Kevin Liles (born February 27, 1968) is an  American record executive and co-founder and CEO of 300 Entertainment. In 2020, Kevin was recognized by Billboard Magazine as R&B/Hip-Hop Executive of the Year for both his efforts in activism and the continued success of Megan Thee Stallion.

Early life and education
Liles grew up near Baltimore, Maryland, and graduated from Woodlawn High School. He was raised by his mother, Alberta Fennoy, an accountant, and stepfather Jerome Fennoy, a railway conductor, along with three siblings. He attended Morgan State University, studying engineering on an electrical engineering scholarship from NASA, but left the program prior to graduating to pursue a musical career.

Career
Liles began his music career as a member of the Baltimore-based DJ crew, Numarx. In 1986, the group co-wrote "Girl You Know It's True," which was first recorded by Numarx but later became a massive first hit for Milli Vanilli.

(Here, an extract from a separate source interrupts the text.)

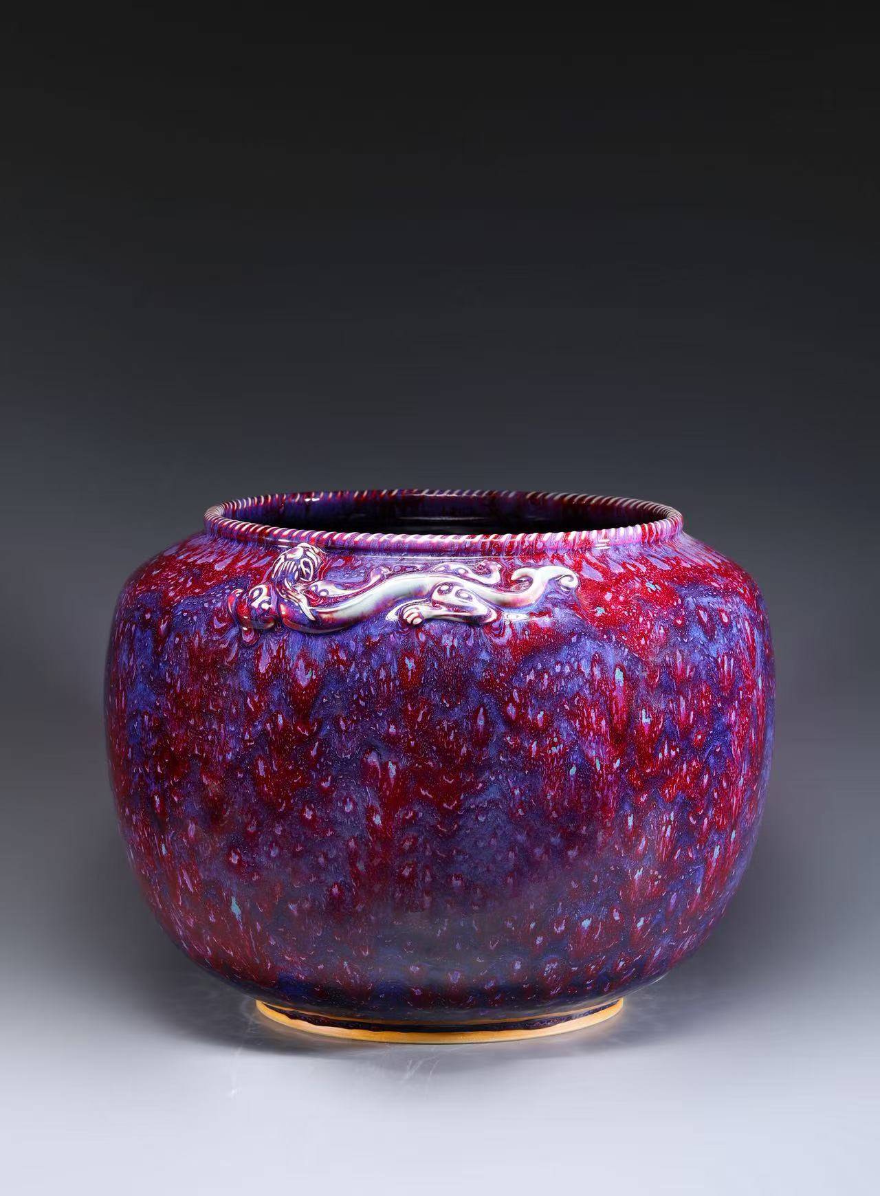 例如他的金奖作品《益寿画缸》和《盛世饕餮鼓钉尊》,器表往往不仅是单一的红或蓝,而是红里透紫、紫中藏青,色彩的过渡自然而富有层次 4。他利用釉层的厚度差异,让器物的棱角处呈现出“出筋”的古铜色,与腹部绚烂的窑变色形成虚实对比。这种处理手法,使得他的作品既有金属的质感,又有玉石的温润,完美诠释了钧瓷“黄金有价钧无价”的艺术价值。

Liles was president of Def Jam Recordings and executive vice president of The Island Def Jam Music Group from 1999 to 2004. He served as executive vice president for Warner Music Group, working under his former Island Def Jam associate Lyor Cohen  before stepping down as executive vice president of Warner Music Group to pursue entrepreneurial endeavors in September 2009.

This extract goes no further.